Papenfuse’s cabinet appointments similarly showed attention to the practical realities of governing and delivering services. We already knew that the well-connected and respected Joyce Davis would serve as communications director. He then named Neil Grover, a founder of Debt Watch Harrisburg and special counsel to City Council, as city solicitor. Former Councilman Bruce Weber will serve as budget and finance director, and Aaron Johnson, Papenfuse’s former rival for mayor, will lead the Public Works Department.

Taken together, the appointments serve another important and practical function. These department heads all have ties to City Council, which should help Papenfuse with Harrisburg’s often-contentious legislative body. He seems to understand the reality that he cannot dictate, that, in order to get anything done, he needs the support of council members. That may sound obvious, but it’s a lesson that both mayors Reed and Thompson never seemed to learn, to their–and the city’s–great detriment.

When I was a young reporter in New Jersey, I covered our area’s local legislative delegation. At the time, a long-time state assemblyman was appointed to the Senate following a vacancy. When I learned of the appointment, I called him and asked what his priorities would be as a state senator. I suppose that I expected the articulation of some great goal or, lacking that, at least a few talking points out of the Republican playbook (less government, lower taxes). Instead, he told me that he wanted to make sure that the grass was cut regularly along state highways, that he was always bothered by the overgrowth and weeds in the medians and at the sides of the roads as he motored along to Trenton. So, he’d make that his first order of business.

Standing in Harrisburg’s City Hall the other day, I remembered that story. Given my past conversations with Papenfuse, I was expecting his inaugural speech to be gilded with soaring rhetoric, grand ideas, lofty goals–words and phrases designed to inspire. Instead, he wanted to patch some ceilings and repair some walls.

I was OK with that. Harrisburg badly needs to fix itself, and the municipal building seems like a fine place to start. As the week wore on, I began to see an administration playing the long game, not issuing edicts from on high but courting council and the public, laying down a foundation for actions to come. I also saw a focus on basic municipal services, as well as action on a few other practical, first-order items (a help desk instead of a security check, no metal detectors, no security detail, a meeting with Attorney General Kathleen Kane).

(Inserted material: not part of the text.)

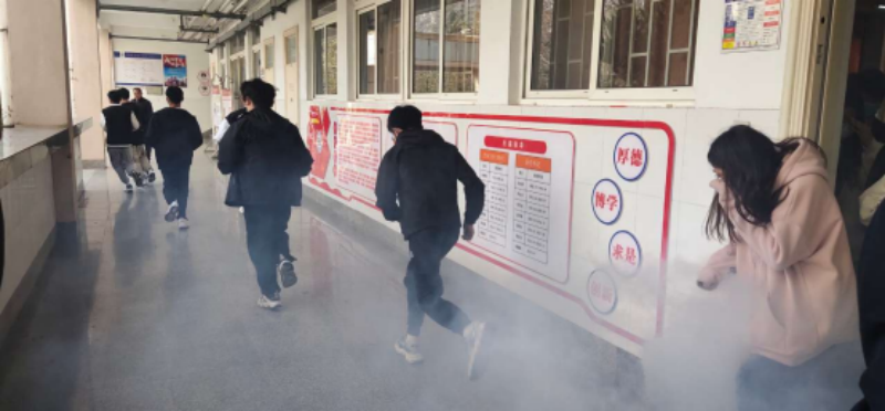 演练开始后,火警信号响起、实验室烟雾散出,在老师的引导下,20余名学生降低重心、俯身向下紧张有序地通过安全出口。整个过程中,学生们始终保持冷静并按照疏散预案有条不紊地撤离现场。随后,安全保卫处老师介绍了消防器材的使用方法,部分学生、教师体验了灭火器现场灭火。
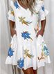 Women's Clothing Fashion Short Printed Ruffle Pocket Dress for Women

Perhaps, in weeks or months, Papenfuse will unpack the inspiration that I’m sure he still considers important. But, personally, I found this first week encouraging. As a resident, I want the grass cut, the potholes fixed, the roads striped, the trash collected. That’s what I want from my local government, and that requires several necessary conditions: a motivated workforce, good managers and a healthy relationship with City Council.